The proposed budget is $2.7 billion and contains no tax or fee increases. It is balanced with a series of one-time expenditure reductions, such as the elimination of vacancies. However, it makes no long-term or structural changes. Only 3 of the 117 recommendations proposed by President Stroger’s County Operations Review Team (CORT) report released in June 2001 have been identified as being implemented. This represents just $9.8 million out of a possible $129 million in savings.
“The Civic Federation is extremely disappointed in the overall direction this budget has taken,” stated Federation President John Currie. “We do commend Cook County for holding the line on spending and avoiding a tax increase. But, once again, Cook County has failed to make the tough choices necessary to improve its financial condition or management in the long-term, to improve the efficiency of County operations, or to contain costs.”
“We are very surprised that the County has only implemented 3 of the 117 recommendations proposed by the County’s own excellent Operations Review Team report,” Currie continued. “Failing to aggressively implement the report findings of its own cost control report is an underwhelming sign of commitment by the County to actually put its financial house in order. Excellent opportunities for substantial savings simply are being brushed aside.”
The Civic Federation testimony notes that Cook County has faced deficits in two succeeding fiscal years. If the economy does not recovery quickly, the County will face more bad fiscal news during FY2002.
“Because of uncertainty over the economy’s future direction, it is imperative that the County undertake measures now that can generate additional budgetary savings and help both policymakers and staff plan strategically for future contingencies,” Curie said “In addition to the immediate adoption of the CORT study proposals, The Civic Federation believes that the County should consider the following recommendations:
• The County should aggressively pursue joint purchasing of health insurance with other Chicago area governments. Forming a joint insurance pool could yield savings of $40 million in the first year or $222 million over a 5-year period, with the County being the single biggest beneficiary.
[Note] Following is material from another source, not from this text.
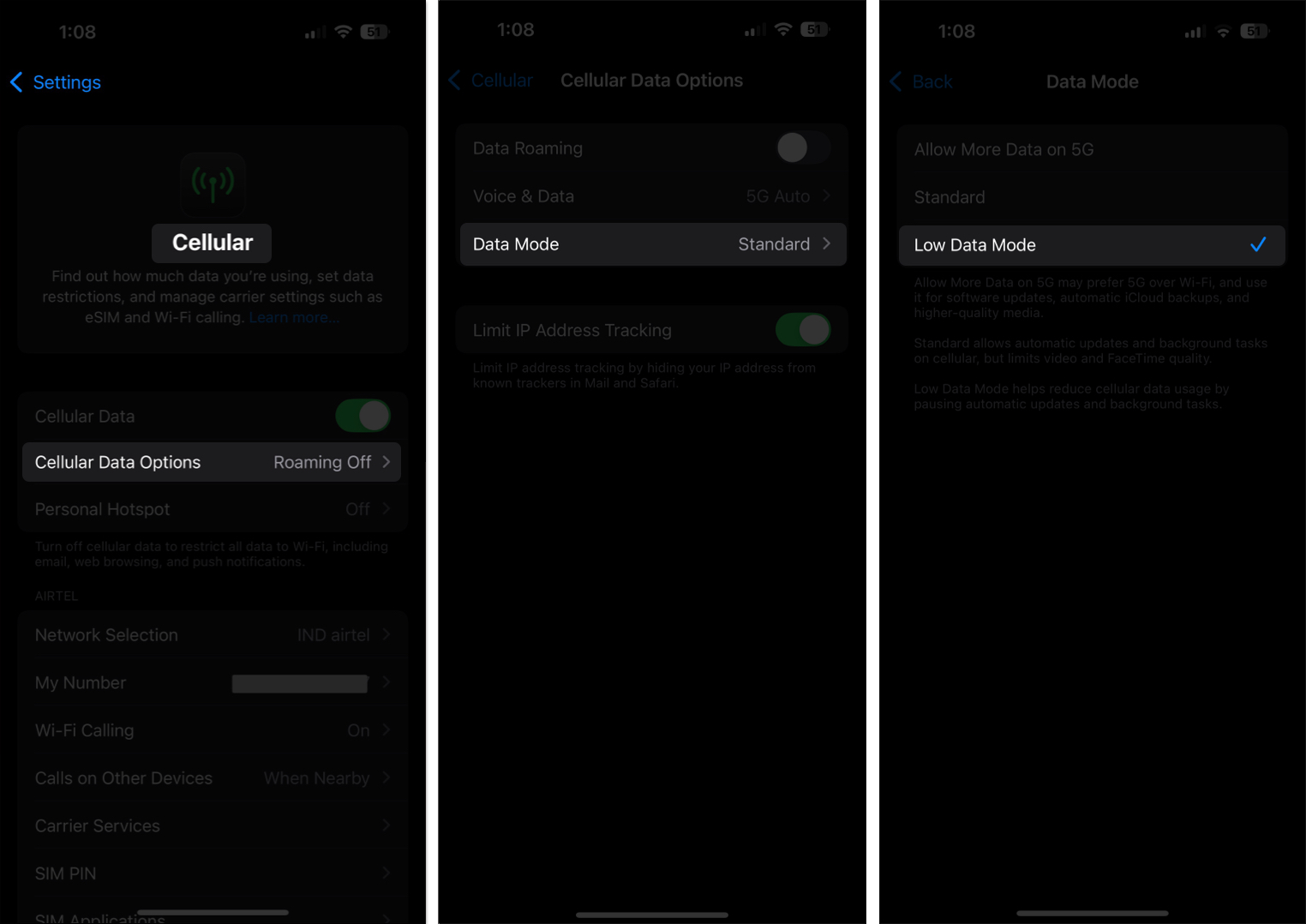 Otetaan käyttöön Low Data Mode matkapuhelinyhteyttä varten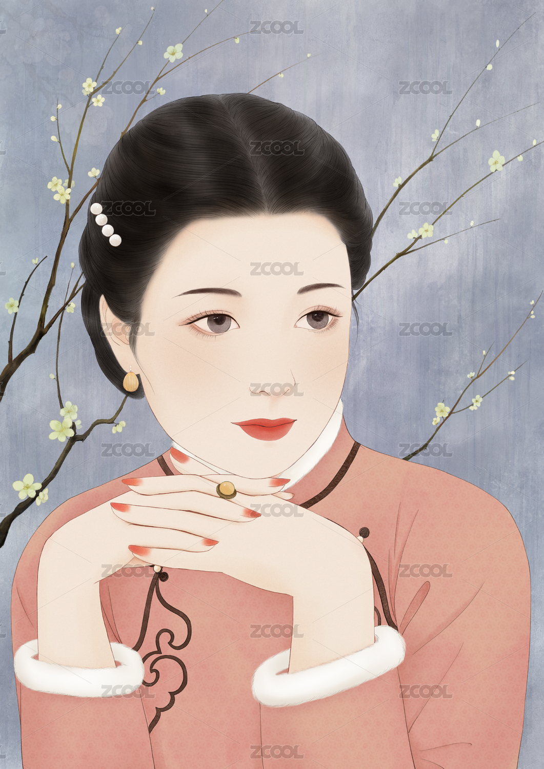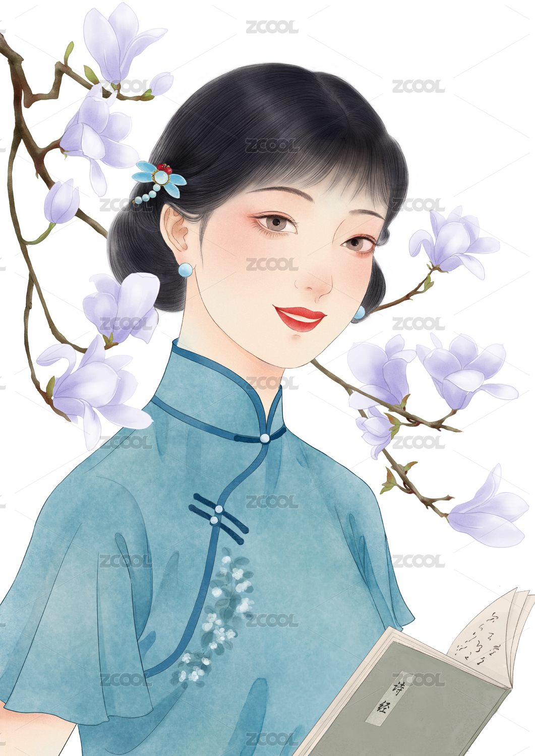 手繪民國才女插畫

• The County could cut its health insurance costs significantly by increasing employee contributions for their health insurance. Currently, Cook County employees make only a minimal contribution to the cost of their health insurance. This is in contrast with many other governments that require employees to contribute up to 25% of the cost of their insurance
• The County’s practice of giving its employees both cost of living and step increases has led to salary increases in excess of the norm. This practice should be reviewed and brought into line with standard public sector practices for additional cost savings.
• The County should adopt structural reforms that can help it develop strategies to address changes in financial condition. These include instituting a formal long-term financial planning process that is shared with key policymakers and adopting formal financial policies.
The Civic Federation testimony also offers cautions to County policymakers on several issues that could have an impact on the FY2002 budget.
• Recent tax refund decisions by the Illinois Property Tax Appeal Board (PTAB) could result in losses as high as $76 million per year to the County if they are not addressed.
• The FY2002 budget is being balanced in part through the use of $14 million in working cash interest. This is a one shot action that should not become a standard County financial management practice in the future.
• The County’s proposed early retirement package may temporarily boost its bottom line. But, research has shown that early retirement programs don’t necessarily cut costs in the long run unless they are carefully structured because of the costs of retirement benefits plus the salaries and benefits of new employees hired to replace retired workers.
“We are very concerned that Cook County has failed to implement the long-term reforms needed to put its financial house in order,” Currie concluded. “Simply put, the County’s strategy of riding out the economic downturn and hoping for a return to business as usual next year if things improve is not a prudent strategy at all.”